Monday, March 24, 2014

The Real Day Everything Changed

The phrase "the day everything changed" is used in America to describe that Tuesday, the eleventh day of September, 2001, when hijacked airplanes destroyed the twin towers of the World Trade Center and damaged the Pentagon.
Belgrade, March 1999
Yet a sober look back at the past dozen years reveals a continuity, not change - at least in the government's behavior. Meanwhile, a certain spirit has gone out of Americans, and they now tolerate the omnipotent surveillance state and accept the regular trampling of what remains of their liberty in exchange for empty promises of temporary safety.

The government of George W. Bush was quick to launch a punishment expedition against Afghanistan, which morphed into "nation-building" and eventually failed. NATO forces have now been in Afghanistan longer than the Soviets, and with much the same result. In 2003, Bush invaded Iraq - a country entirely unrelated to the events of 9/11, but of personal interest to him and his advisors - on a manufactured pretext. Though U.S. troops have officially withdrawn by December 2011, some 25,000 "embassy staff" and "military contractors" have remained.

Osama Bin Laden, the alleged mastermind of the attacks, was supposedly tracked down to Pakistan and killed in 2011 - though there have been claims he died way back in 2001 of kidney failure, and everything since had been chasing a phantom menace.

But there was definitely no War on Terror when it came to Islamic militants in the Balkans, for example - quite to the contrary, US lawmakers called out to "jihadists of all color and hue" to take note of Washington promoting jihadism in Europe. And in the very year Bin Laden was supposedly killed, Washington backed jihadists in Libya - and later in Syria.

That is not to say there hasn't been an actual turning point in modern history, however. You just have to go back a bit more to find it.

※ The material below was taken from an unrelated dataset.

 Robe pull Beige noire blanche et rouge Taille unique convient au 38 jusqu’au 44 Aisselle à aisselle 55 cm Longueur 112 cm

I would argue it is 3/24/1999, when the Atlantic Empire - believing itself at the pinnacle of power, exceptional, and exempt from the rules it sought to impose on others by force - launched an evil little war against a country called Yugoslavia.

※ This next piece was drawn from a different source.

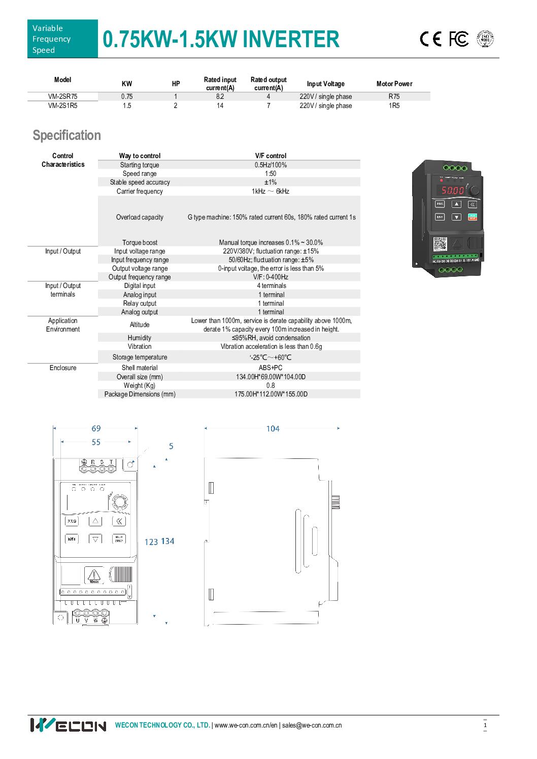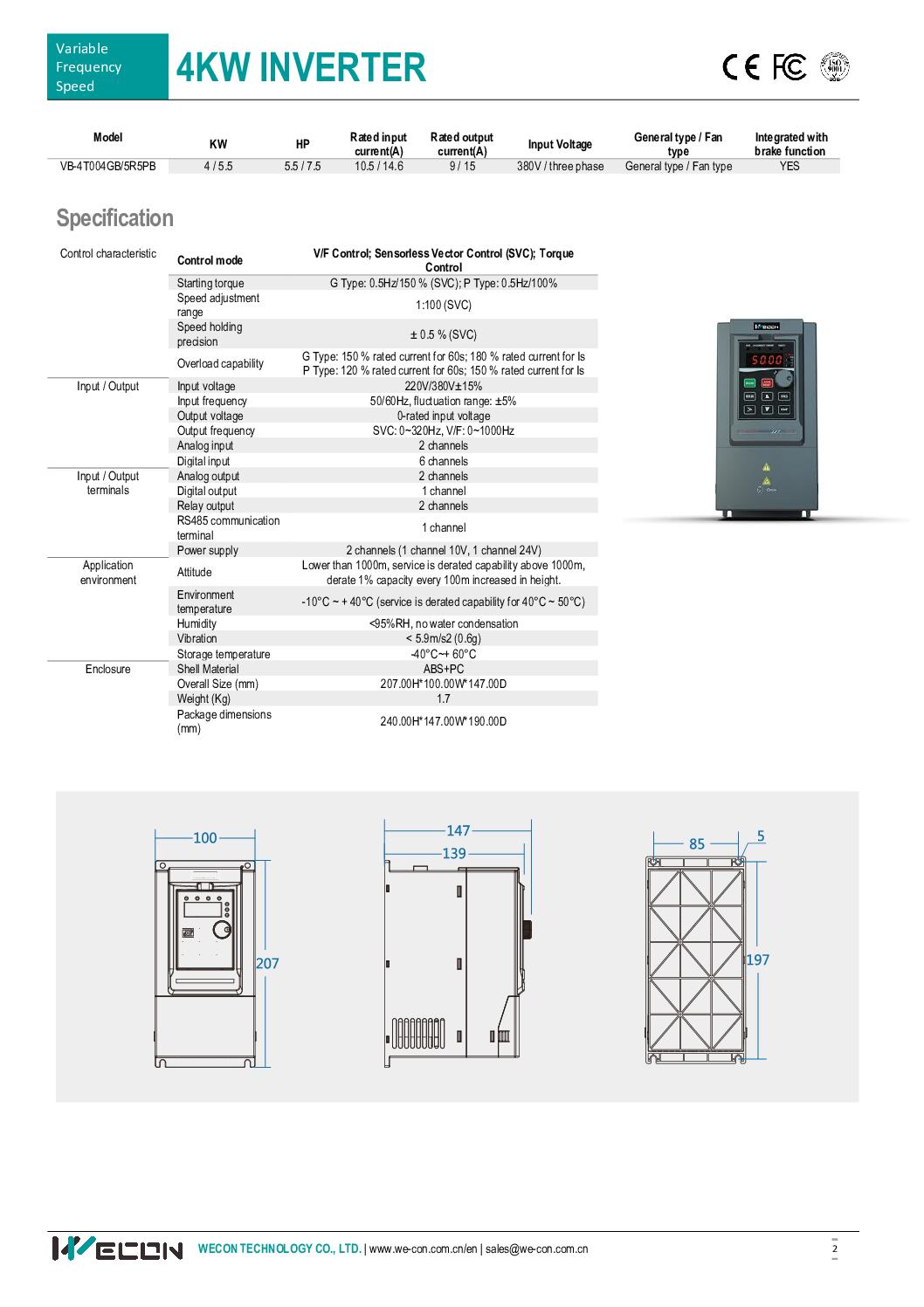 Servo Motores & Drive, VD2, VD2F, VD3E, Wecon

Those who waged that war openly described it in terms that perfectly fit the definition of terrorism. Look at the photos from Yugoslavia 1999 and New York 2001 side by side, and contemplate the eerie similarities.

The war was a clear-cut act of aggression, violating both NATO's charter and the U.S. Constitution and lacking any UN authorization. It was illegal, illegitimate, and unjust. Ostensibly fought for "humanitarian" reasons, in practice it backed a terrorist Albanian insurgency aimed at carving out a province from Serbia (one of the two states federated within then-Yugoslavia).

Empire's "diplomats" and perfumed generals believed the Serbs would surrender within a week. It took a Trojan truce, eleven weeks later, for NATO to actually occupy the province of Kosovo (and not all of Serbia, as initially demanded). Undeterred by reality, NATO leaders believed their own lies, ensuring they would make the same - and worse - mistakes in Afghanistan, Iraq, Libya...

Most importantly, perhaps, the bombing of Yugoslavia had one effect no one in the West had anticipated. Up to that point, Russians were still enraptured with the West, despite nearly a decade of financial and political rape. But the first bomb that hit Belgrade was a wake-up call.

Fifteen years later, the leadership in Moscow has demonstrated they had neither forgotten, nor forgiven. And something tells me that the West hasn't yet begun to pay the real price for that golden idol in Pristina, or the train of abuses and atrocities inflicted upon Serbia since. 

1 comment:

bruce canada said...

I think the inflection point came a little bit later, when the Empire overreached and bombed the Chinese embassy. Even if you were a Chinaman who believed the bombing was of the "humanitarian" kind, you couldn't deny that the attack on the embassy was solely a show of power.

We've come a long way since then: These days, the Empire can still destroy a country with humanitarian aid in the form of missiles, but I don't think it would dare bomb the Chinese embassy.